You may have noticed a new company called Kismatic—they recently started following you on Twitter, or you saw their presentation at the Google Kubernetes gathering in February. Their website mysteriously says they’re “getting ready to re-imagine the datacenter.”
What are they up to? Kismatic is about to release a commercial distribution of Kubernetes, Google’s open source system for managing containerized applications across multiple hosts. Kismatic’s contribution is a web UI that makes Kubernetes easier—you can visualize clusters, and get better insight into deploying, maintaining, and scaling applications. They’re also working with Google to jointly create Ubernetes—a Kubernetes cluster federation model to prevent cloud provider lock-in and enable workloads to run across multiple cloud providers, founder and CEO of Kismatic Patrick Reilly said.
Before Kismatic, Reilly’s company OrlyAtomics developed a distributed graph database. Mesosphere acquired OrlyAtomics last September in what TechCrunch called “a talent acquisition deal.” The graph database isn’t part of Kismatic, but the lessons learned are, Reilly said.
While ramping up and comparing Mesos to Kubernetes, since Google was a partner, Reilly started working with Google to build similar features and led to Reilly’s presentation at the Kubernetes gathering in February. “I kind of fell in love with Kubernetes,” Reilly said. “It’s easier, and it scratches the itch I saw most people having.” He and co-founder BC Broussard wondered if what Mesosphere is to Mesos, could Kismatic be that for Kubernetes?
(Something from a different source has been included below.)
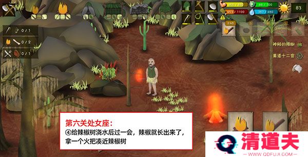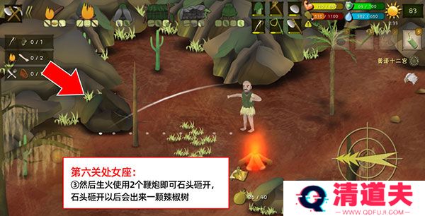 3、然后生火使用2个鞭炮即可石头砸开,石头砸开以后会出来一颗辣椒树。

Re-imaging the datacenter, to Reilly, means taking the physical hardware you already have and using it more efficiently. Moving to an architecture that uses containers and orchestration gives you more flexibility and lets you do more with less, and since Kubernetes automates manual operations tasks, productivity “goes through the roof.”
“Developers can think in terms of applications and building microservices versus managing their VMs and infrastructure complexities,” he said. “I like the idea of getting every last ounce of use of what you have, and use less hardware.”
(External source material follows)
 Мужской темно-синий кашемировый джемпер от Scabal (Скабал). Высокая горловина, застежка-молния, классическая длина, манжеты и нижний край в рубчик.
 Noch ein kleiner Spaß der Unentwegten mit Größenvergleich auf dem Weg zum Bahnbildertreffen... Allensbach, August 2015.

Kismatic plans to participate in Google’s Kubernetes launch announcement in June and will release its distribution then. For now, Kismatic is focusing on enterprise “lighthouse” customers in finance and entertainment. “One key aspect of our business in the early days will be giving those customers packages that are easy to install and that work out of the box with sane defaults,” he said. “We want to make sure customers have a phone number to call to get support.”
Kismatic is is testing its Kubernetes distribution on OpenStack. Reilly said customers can run instances on bare metal or on OpenStack. “Containerization is still fairly new,” he said. “There are a lot of things in flight, and I look at Openstack as an insurance policy against that. You know something can be written to OpenStack, so however containers might go, why would I want to buy and set up a couple of million dollars of hardware on something, and use it in a different capacity when I can just choose something that gives me a ton of flexibility?”
Expect a funding announcement soon. While Kismatic is only seven people at the moment—including contractors—Reilly has plans to grow the company to 20 people by June.